Pipeline	Answer Correctness	Answer Similarity
Baseline	0.417	0.403
GraphRAG (inference)	0.737	0.758

As you can see, the performance gain from using the KG to augment the query for RAG seems to be quite impressive. Since we already have the KG and the NER available from previous projects, it is a very low effort addition to make to our pipeline. Of course, we would need to verify these results using Further human evaluations.

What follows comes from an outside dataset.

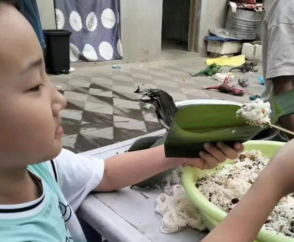 在家人的幫助和指導下,二年級的孩子們通過包粽子、編五彩繩、做香囊等多種方式,加上自己豐富的想象力與動手的能力,在勞動實踐中傳承端午節日習俗。

I recently came across the paper Knowledge Graph based Thought: A Knowledge Graph enhanced LLM Framework for pan-cancer Question Answering (Feng et al, 2024). In it, the authors identify four broad classes of triplet patterns that their questions (i.e, in their domain) can be decomposed to, and addressed using reasoning approaches backed by Knowledge Graphs -- One hop, Multi-hop, Intersection and Attribute problems. The idea is to use an LLM prompt to identify the entities and relationships in the question, then use an LLM to determine which of these templates should be used to address the question and produce an answer. Depending on the path chosen, an LLM is used to generate a Cypher query (an industry standard query language for graph databases originally introduced by Neo4j) to extract the missing entities and relationships in the template and answer the question. An interesting future direction for my GraphRAG implementation would be to incorporate some of the ideas from this paper.